Thousands of Muslim clerics gathered from March 13-15 in New Delhi’s predominantly Muslim Nizamuddin area for the annual conference of Tablighi Jamaat, a Muslim missionary group.

At least 10 attendees died from Covid-19 within a few days of the conference ending. Another nine have been reported to have died from Covid-19 in various parts of India. One participant died in the Philippines.

The blacklisted foreigners include participants from Indonesia (379), Bangladesh (110), Kyrgyzstan (77), Malaysia (75), Thailand (65), Myanmar (63), Sri Lanka (33), Vietnam (12), Saudi Arabia (9) and France (3).

"They will be banned from entering India for the next 10 years," a senior Home Ministry official told UCA News.

"Essentially, the offence was for violating passport norms and visa regulations as most had entered India on tourist visas and thus could not take part in any religious missionary congregation."

Usually, such a ban can be reviewed within a year or so, but this is the first time that a definite 10-year time frame has been specified.

"The move will send a strong message globally ... that religious preachers have to take a specific and prior nod from the administration and such religious acts should be mentioned in the visa papers clearly," the official said.

The federal government led by Prime Minister Narendra Modi's pro-Hindu Bharatiya Janata Party (BJP) said in April that the Muslim congregation was solely responsible for the fast spread of the coronavirus pandemic and claimed it had caused 30 percent of India’s cases.
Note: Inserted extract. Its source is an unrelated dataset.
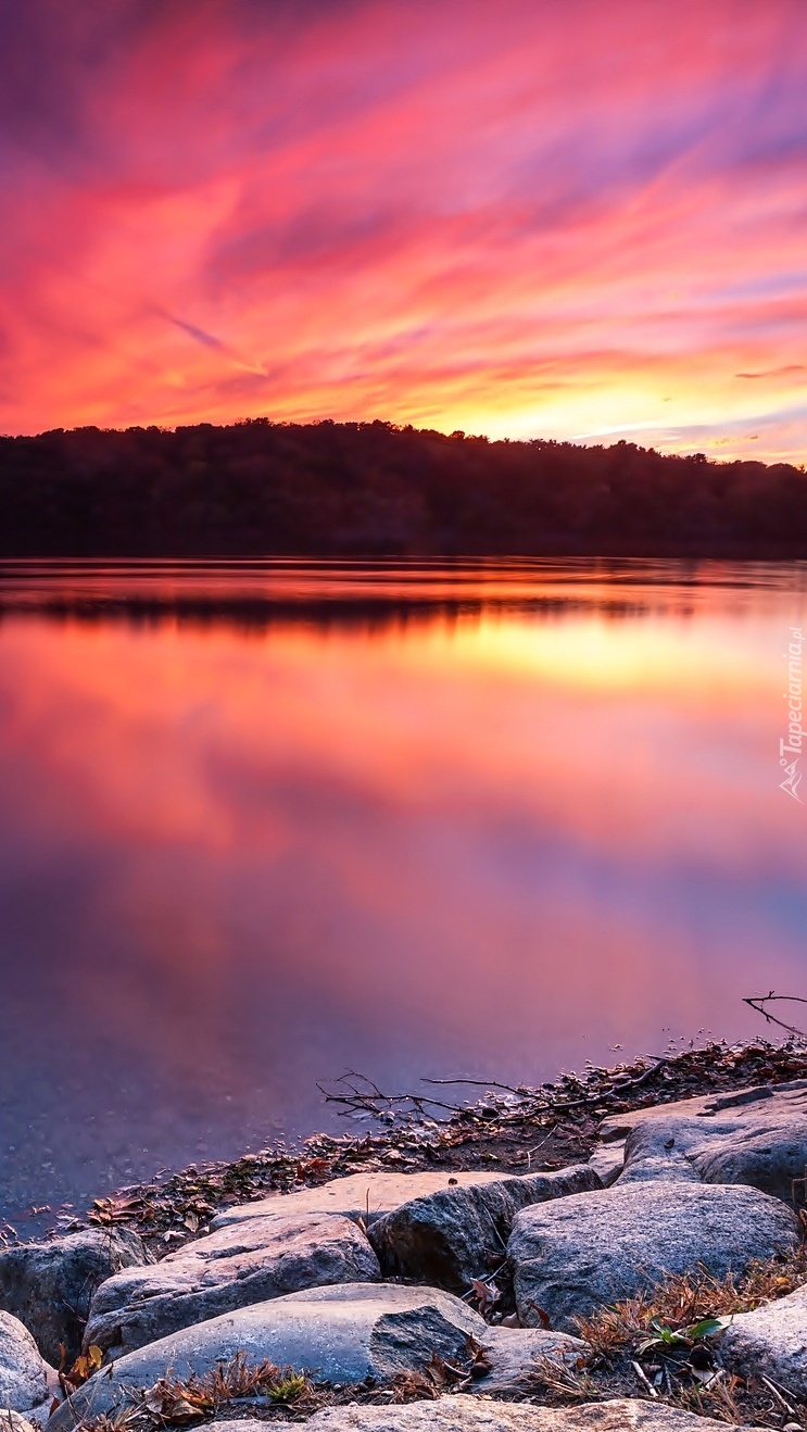 Edytor tapety: Kamienisty brzeg jeziora o zachodzie słońca

Since March 15, thousands of attendees have traveled back to their villages and towns.

The conference started and ended when government orders were in place against the mass gathering of people.

Muslim leader and socialist lawmaker Shafiqur Rahman Barq criticized the 10-year ban, saying the pro-Hindu government has "indulged in communal politics" even during a pandemic which has claimed thousands of lives across the world.
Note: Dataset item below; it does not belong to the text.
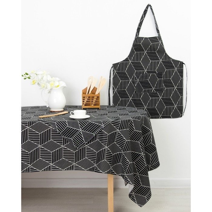 Фартук Доляна 60х70см, Тренд черн, 100%пэ, рогожка 200 гр/м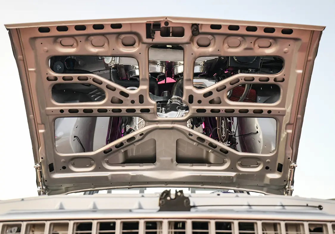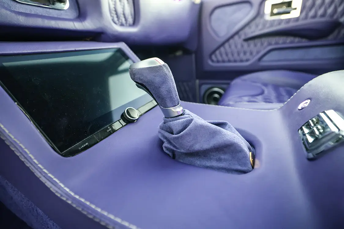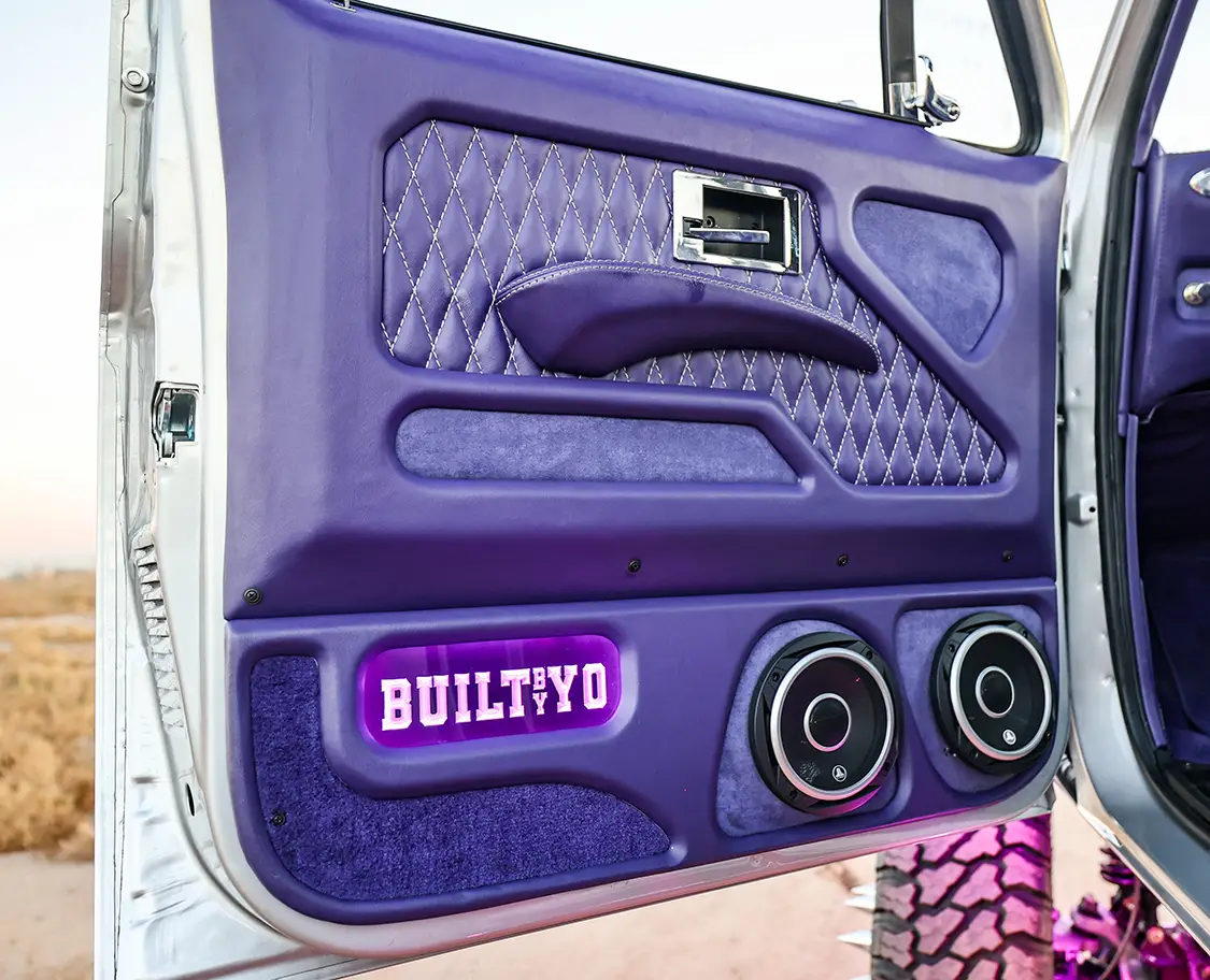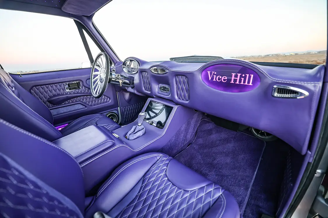 You can’t build a truck of this caliber and not have a full custom interior. For that, Mario took the truck to his go-to interior shop, Ultimate Audio in Lexington, South Carolina. Shawn Arnold and his crew made quick work of this truck to make sure it would make it for its SEMA 2024 deadline. The Ultimate Audio team built a custom dash and console with a Kenwood head unit and Dakota Digital gauges to give the interior a one-off look. They also built all-new door panels that house two 6.5-inch JL Audio speakers in each door and a custom sub box stuffed with two JL Audio 10TW3 subs that fit behind the modified 5th Gen Camaro SS seats. All interior panels were wrapped in purple vinyl, while the purple carpet and purple suede starlight headliner tie it all together. The new steering wheel was a perfect match to the Forgiato wheels, and added a nice centerpiece to the interior.

"Such a ban for 10 years is unprecedented and unwarranted ... This government is targeting Muslims in the country and from abroad. Delhi police recently arrested Jamia Millia Islamia student leaders including a pregnant Safoora Zargar and many more for the anti-citizenship law protest in Delhi in December," he told UCA News.
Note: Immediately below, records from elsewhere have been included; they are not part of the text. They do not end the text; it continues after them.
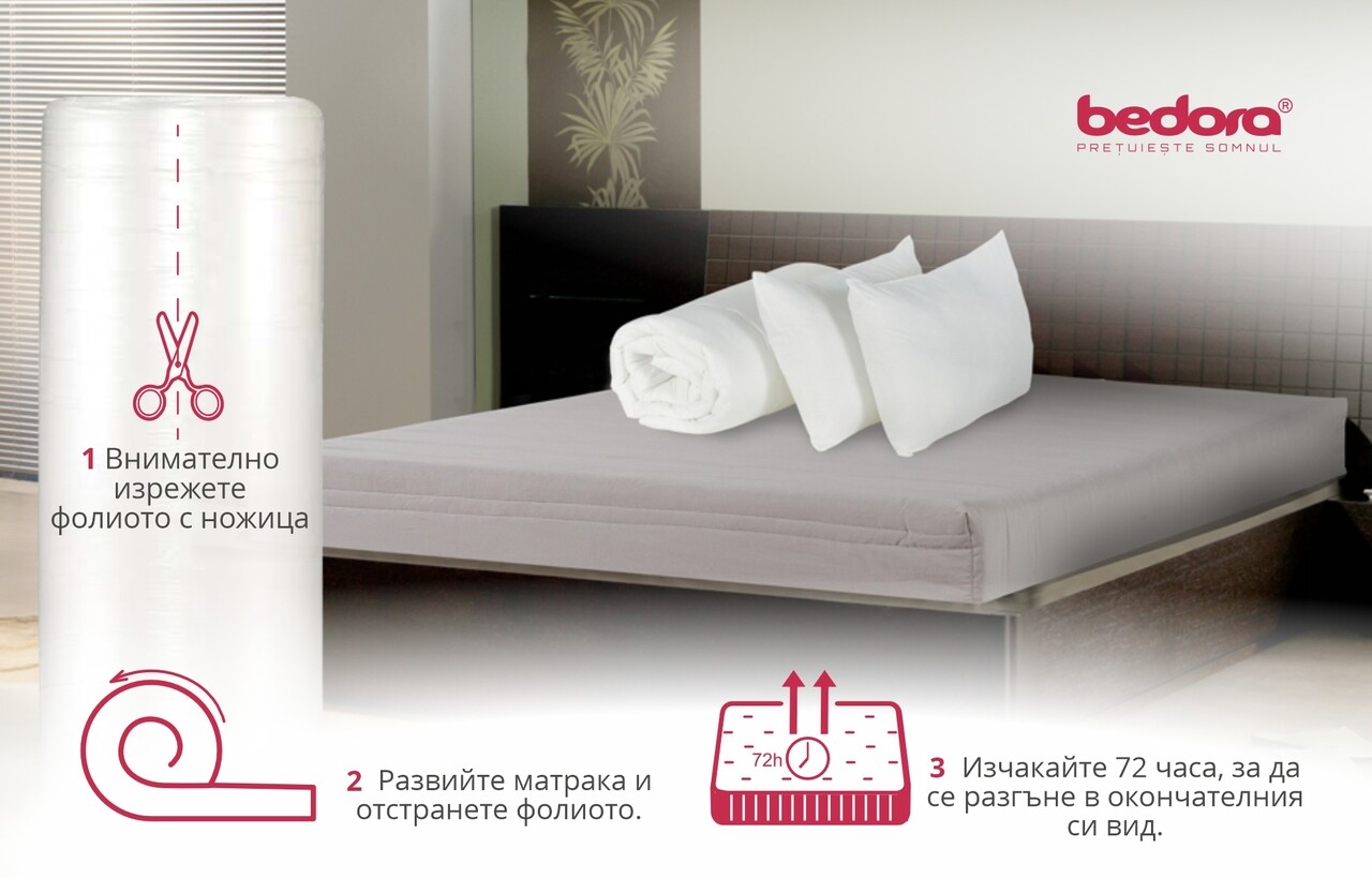 Пакетът Bedora Combo включва три основни продукта, необходими за сън: матрак, две възглавници и юрган. Структурата на матрака е изградена от гъвкав слой от 14 см полиуретанова пяна, която осигурява естествена позиция на гръбнака по време на сън. За правилна хигиена калъфката от естествени памучни влакна може да се сваля.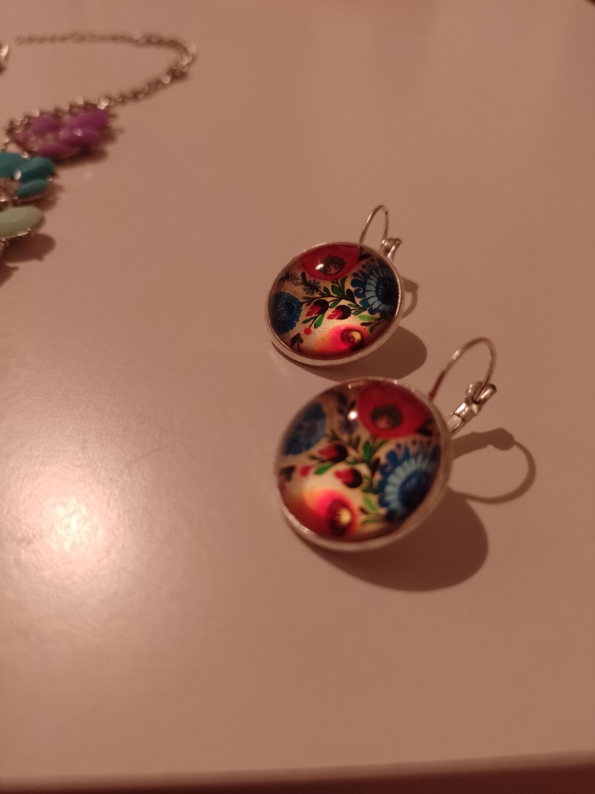 Krásne folklórne náušnice ,vôbec neotmavli.Hodiace aj k folklórnej sukni ,ktoru mám.v bazariku.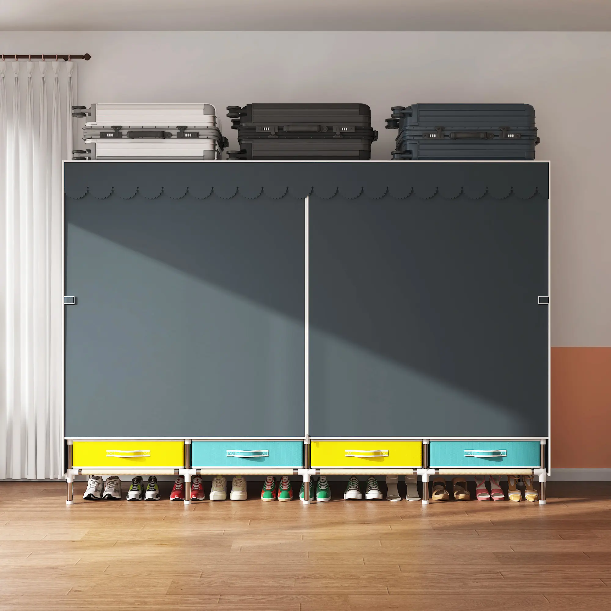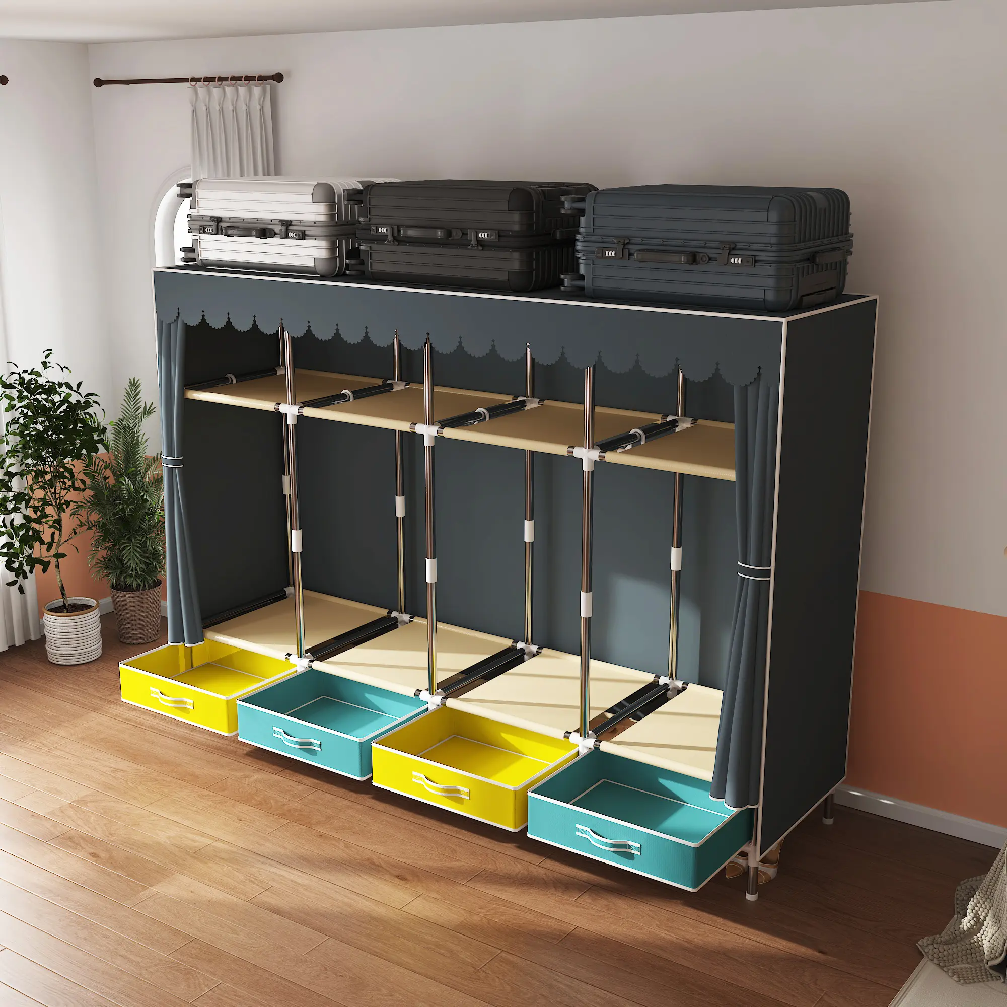 4 Hanging Rods: Provides ample space for hanging clothes.
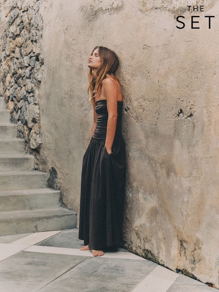 The Set 2 Pack Strapless Ruched Bandeau Jersey Maxi Dresses Black/Brown

Government sources revealed that steps have been initiated to deport at least 900 foreign Tablighi members after they complete quarantine or hospitalization and international flights resume.

The ruling BJP has welcomed the 10-year ban. BJP leader Khemchand Sharma said: "The Tablighi Jamaat event was majorly responsible for the Covid-19 crisis in India. We welcome the government decision."

Home Ministry officials said the decision was not taken alone by the federal government as various state governments and local administrations provided details of foreigners found to be illegally living in mosques and attending the controversial missionary meet.

Government agencies have registered a preliminary inquiry against the organizers of the conference for alleged dubious cash transactions and concealing sources of foreign donations.

In May, church leaders and activists expressed dismay over the plight of Tablighi Jamaat members who allegedly remained in quarantine centers beyond the mandatory 14-day period.

Sabiha Quadri, a social worker who lodged a petition at Delhi High Court, alleged that 3,300 members of the Islamic missionary movement have remained at various quarantine centers for over a month despite testing negative for the coronavirus.